Structural trust analysis for the infrastructure the ecosystem depends on.
Live: https://oracle.agentskb.com
Repo: https://github.com/Cranot/prism-oracle
Engine: prism.py — 58+ cognitive prisms, 42 rounds of research, 1,000+ experiments
On-chain: ERC-8004 Identity on Base Mainnet
A "cognitive prism" is a compact prompt (200-350 words) that changes how a model frames problems. Here is the core of the L12 prism (Level 12 — the deepest single-pass structural analysis):
Make a specific, falsifiable claim about this code's deepest structural problem. Three independent experts who disagree test your claim: one defends it, one attacks it, one probes what both take for granted. Your claim will transform. Name the concealment mechanism — how this code hides its real problems. Apply it. Engineer a legitimate-looking improvement that would deepen the concealment. Name three properties only visible because you tried to strengthen it. Apply the diagnostic to your improvement. Name the structural invariant. Invert it. The conservation law between original and inverted impossibilities is the finding. Apply this diagnostic to your conservation law itself. The meta-law is the deeper finding. Finally: collect every concrete bug this analysis revealed.
The full prism is 332 words. No hidden magic. The same model with and without this prism produces categorically different output — one produces code review, the other produces structural analysis with conservation laws, bug tables with fixable/structural classification, and exploit surface maps.
Cost: ~$0.06 per analysis on Sonnet. A human auditor costs $300-500/hour. Even at 20% of the depth, that's 5,000x the cost efficiency for first-pass structural triage.

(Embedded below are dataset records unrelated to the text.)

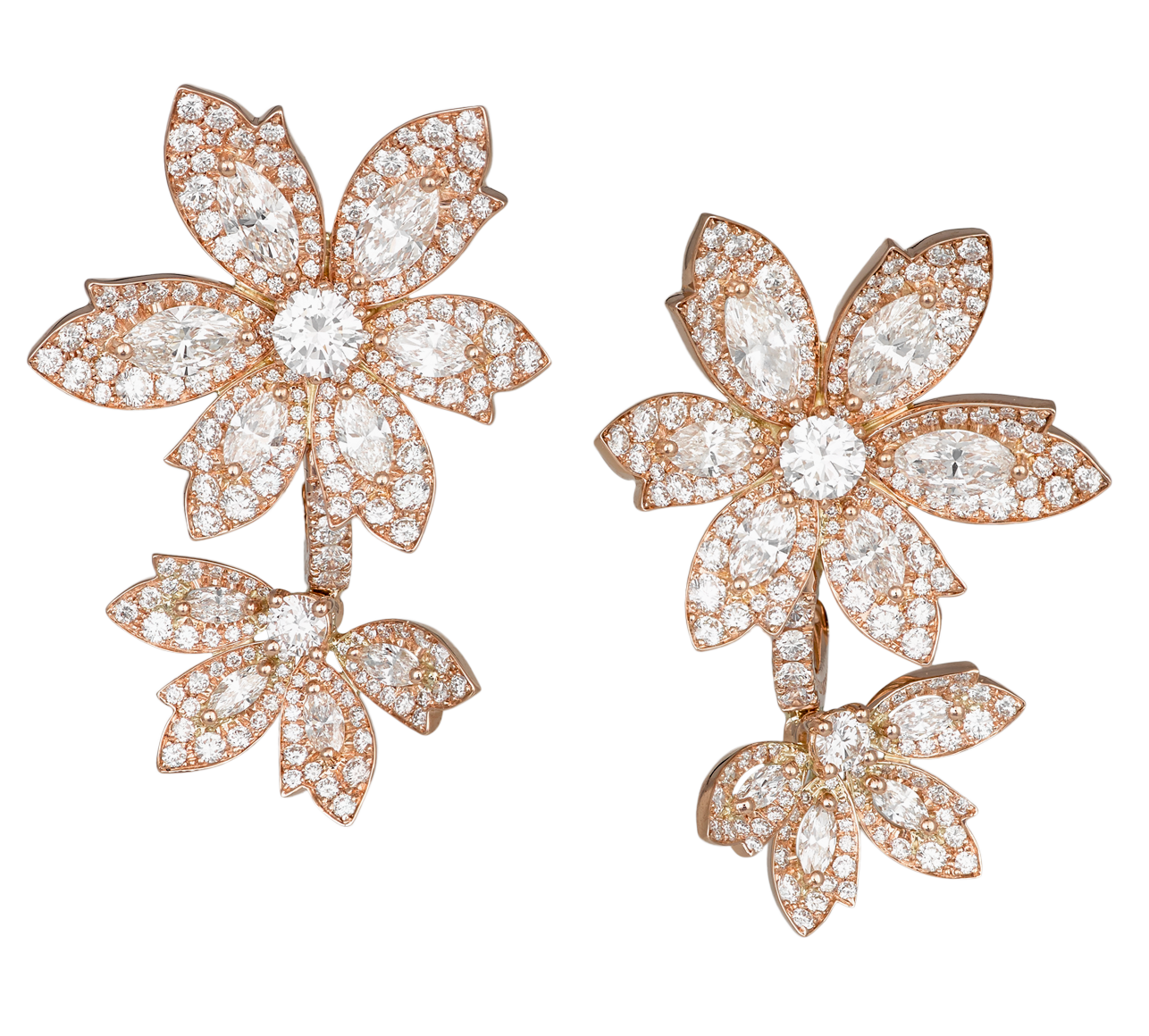 Toutes ces feuilles de palme, colorées ou non, comprennent un diamant rond central entouré de diamants en pavage sur chaque feuille. Les versions tout-diamant utilisent des pierres taille marquise et taille brillant d’une qualité et d’une clarté exceptionnelles pour former un luxuriant éventail de feuillage.
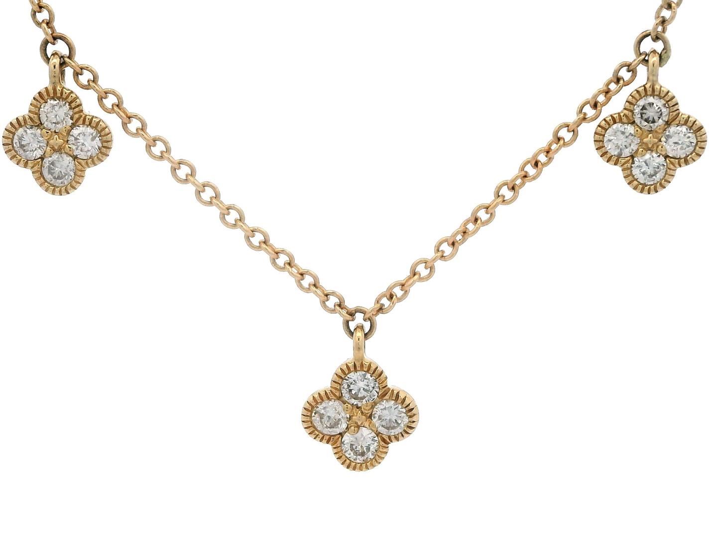 One electronically tested 14KT yellow gold lady's combination cast & assembled fashion station necklace with a lobster claw clasp with a Alhambra motif. Condition is new, good workmanship. The featured lady's necklace measures 17 inches in length, with a adjustment to 16 inches. Identified with markings of "14K". Containing: Twenty channel and prong set round brilliant cut diamonds, measuring 1.90 - 1.90 x 1.18mm (depth est.) approximate total weight of 20 stones= 0.51ct. Graded in the setting. Color: G-I. Clarity: VS-2 to SI-1. Cut: Very Good. Total weight of diamonds: 0.51ct. Total weight of necklace: 2.60gm. Appraised by Gemological Appraisal Services.
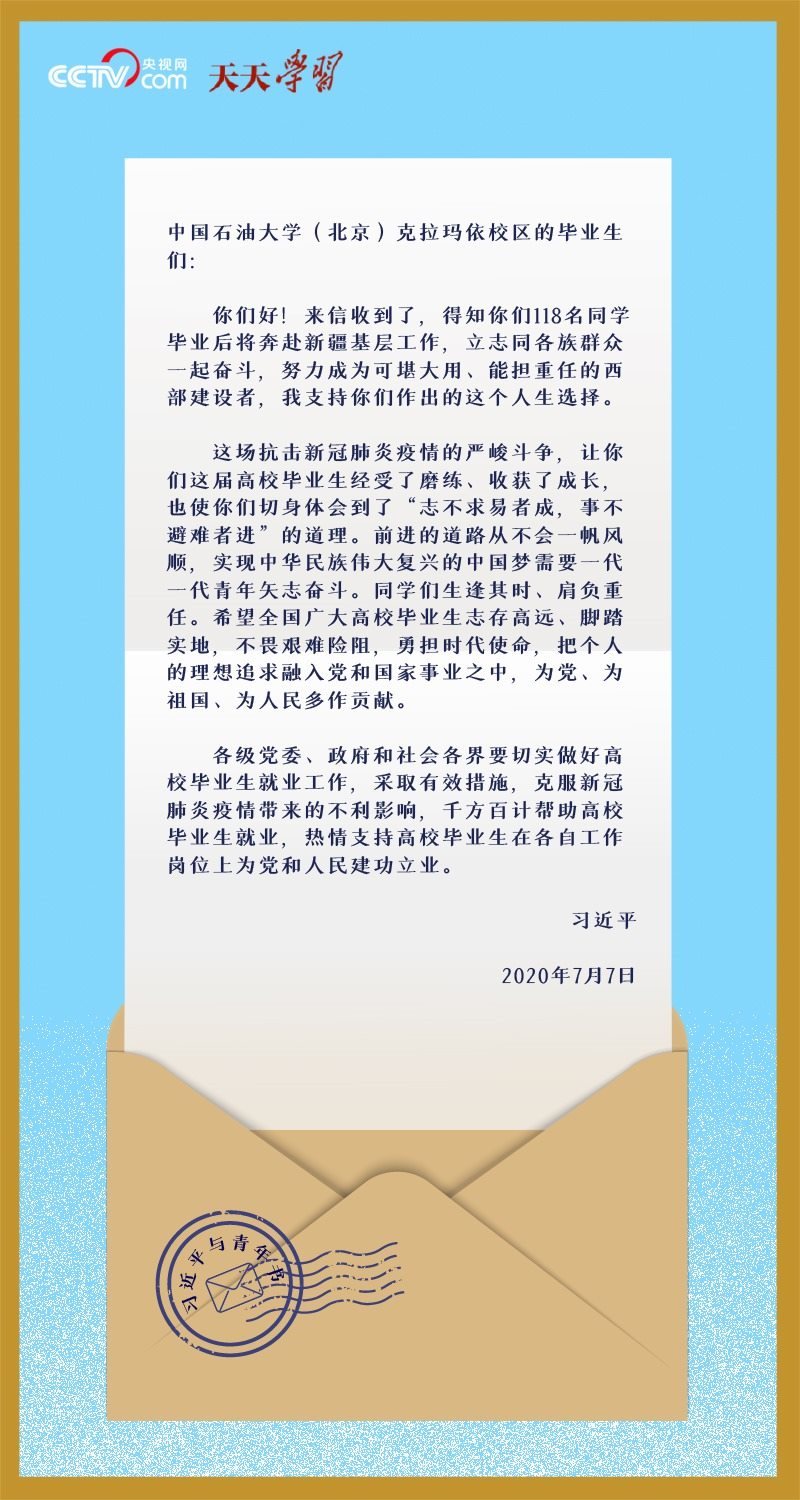 2020年畢業(yè)季,中國石油大學(xué)(北京)克拉瑪依校區(qū)118名即將到新疆基層就業(yè)的大學(xué)生,在離開母校之際,給習(xí)近平總書記寫信匯報(bào)了大學(xué)四年學(xué)習(xí)和思想上的收獲,表達(dá)了立志同各族群眾一起奮斗、建設(shè)美麗邊疆的決心。
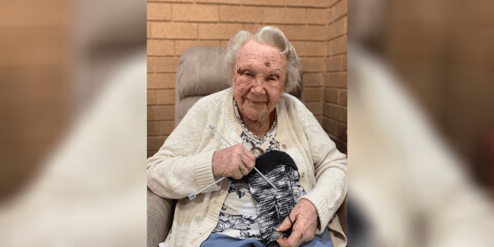 Since moving to Killarney Court Aged Care Facility over 7 years ago, Marjorie’s knitting has continued unabated, and supportive staff have ensured that she can continue her passion.

Available on Opus (maximum depth), Sonnet (recommended), and Haiku (fast). All findings are framework-contingent — valid within this analytical frame, not universal claims. Full methodology.
curl -X POST https://oracle.agentskb.com/analyze \
-H "Content-Type: application/json" \
-d '{"code": "your code here", "mode": "l12", "model": "sonnet"}'Or paste code directly at https://oracle.agentskb.com — results in ~50 seconds.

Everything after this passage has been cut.